Ayrıca o türe ait olan her bir canlının DNA'sındaki karakterler de aynı türün diğer bir bireyinde de aynı değildir. Yani ne bir tür başka bir türden evrilmiş ve ne de aynı türün bir bireyi, atası olmayan başka bir bireyden gelmiştir.

Ancak aynı türden olan anne-babadan gelmiştir. *Bir türü, başka türlerden ayıran karakterler, onun kimliğini yapan temel karakterlerdir. Bunlara 'ASIL KARAKTER' denir. Mesela; Ayı, Kurt, Tilki, Maymun, Geyik vs.'de olduğu gibi. Ayı, bazan Tilki, bazen de Maymun olmuyor. Yani Ayı bazen Maymun, bazen de Tilki doğurmuyor.

Ayıdan hep ayı doğuyor, Maymundan da Maymun. Ve hakeza…

Bir türün doğuştan gelen karekterlerinden başka, yani Aslî karekterlerinden başka, bir de 'EDİNİLMİŞ KAREKTERLERİ' vardır. Edinilmiş karakterler, türün yaşadığı coğrafi bölge, ortam ve iklim şartları, vs. göre sonradan kazandığı karekterlerdir. Mesela; Sıcak iklimlerde yaşayan Tilkilerin tüyleri kısa ve koyu renklidir. Soğuk iklimlerde (kutuplarda) yaşayan Tilkilerin tüyleri de uzun ve beyazdır (Kutup Tilkileri). Buradaki değişiklik aslî bir değişiklik olmayıp, edinilmiş bir değişikliktir.

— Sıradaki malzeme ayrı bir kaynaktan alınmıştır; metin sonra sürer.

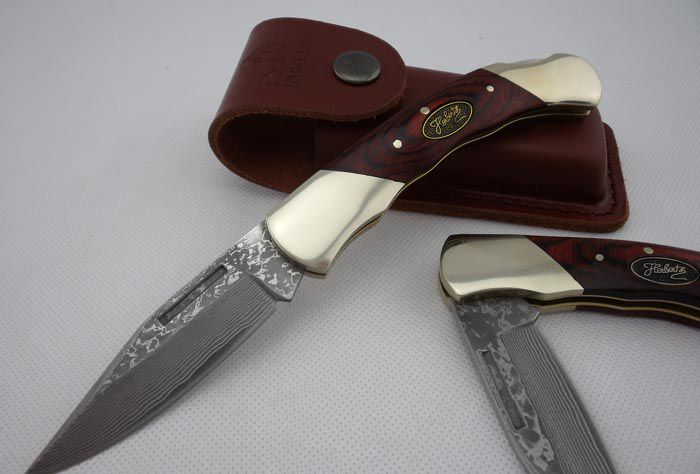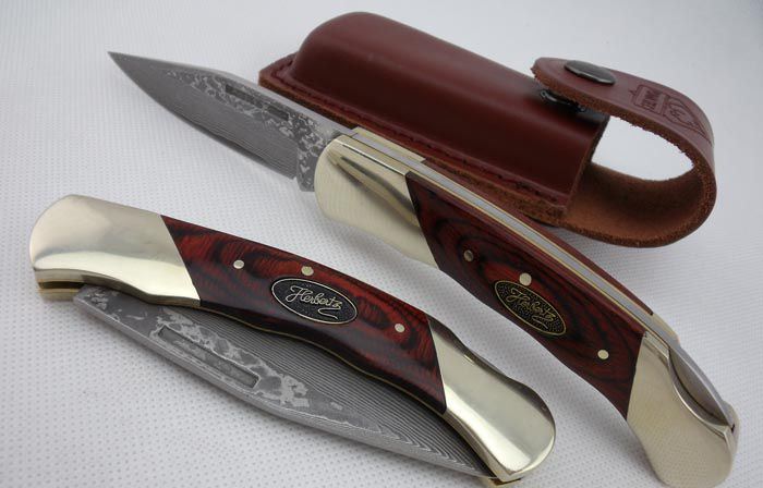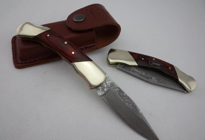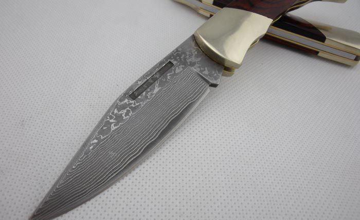 精镶黄铜名贵大马士革折刀 全 长: 19.5cm 刃 长: 7.5cm 刃 宽: 2.1cm(最宽处) 闭 合: 11.2cm 刃 材: 进口大马士革钢 硬 度: 58 表 面: 大马士革钢特有的花纹原色 刃 厚: 0.27cm 柄 材: 彩木+纯黄铜铜头 重 量: 165克 锁 闭: 传统式制尾锁 其 他: 牛皮套 该刀采用进口大马士革钢锻造制作,花纹图案清晰.刀把采用红酸枝名贵木材,纯黄铜铜头, 全部工序经过CNC电脑加工中心和人手结合的方式完成.
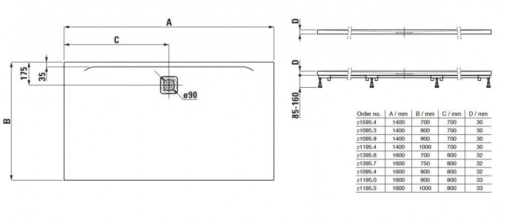 Душовий піддон Laufen Pro 100х160 см композитний матеріал Marbond бетон H2119550790001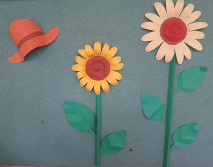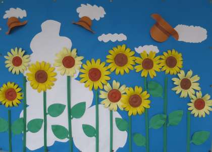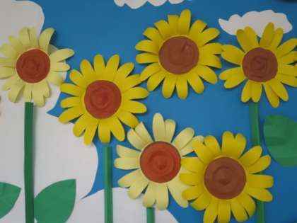 広報委員会の児童みんなで作った作品が、職員室前の掲示板に掲示されています。色々なパーツを組み立てて、ひまわりの立体作品が完成しました。きれいで色鮮やかで、夏を感じます!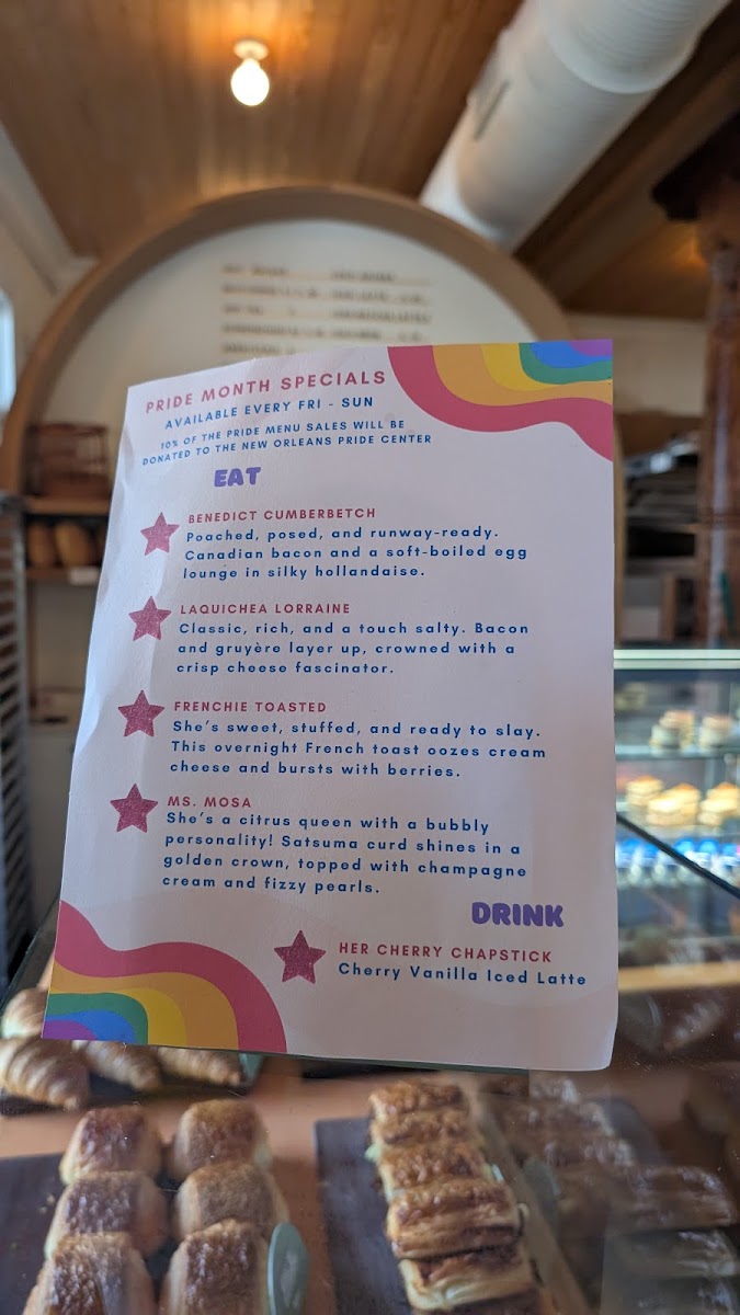 The menu features a range of baked goods and savory bites—from flaky croissants and richly layered king cakes to more savory offerings like the Parm and Chive Biscuits and the distinctive Muffaletta Breadsticks. Morning visitors can enjoy simple breakfast choices like scrambled egg rolls or yogurt parfaits, while those seeking a midday meal will find satisfying sandwiches and fresh salads that feel equally fresh and approachable.

Yani sıcak iklimde yaşayan Tilki, Tilki olmaktan çıkıp Çakal olmamıştır. Kutuptaki Tilkiye, Çakal denmiyor. Tilki, Tanzanya'da da, Alaska'da da yaşasa, ona 'Tilki' deniyor. Yani buradaki değişiklik aslî karekterlerde (kimlikte) değil, sekonder (edinilmiş) karakterlerdedir.

*Bu gün için Dünyada 8.75 milyon canlı türünün olduğu, bunlardan sadece 1.2 milyonunun tanımlandığı bilinmektedir.

İnsan türü de bunlardan sadece birisidir. İnsan'da 46 Kromozomlu (23 çift) bir kalıtım vardır.100 trilyona yakın hücreden müteşekkil normal bir insanın vücudunda, bütün karakterleri (Beyninden tırnağına, Gözünden kılına, vs.vs. kadar), yarısını Annesinden, diğer yarısını da Babasından (23+23) aldığı bu 23 çift kromozomda bulunan DNA'da depolanmıştır. Babanın karekterleri tohum hücresiyle (sperm hücresi), Annenin karakterleri de yumurta hücresiyle (ovum hücresi) taşınır. Bu iki hücre (sperm ve ovum) döl yatağında birleşerek 'Zigot' adı verilen yeni doğacak olan bebeğin (insanın) atasını teşkil ederler. İşte doğacak bebeğin bedenî ve ruhî bütün özellikleri bu Zigot ana hücresinden gelerek şekillenecektir.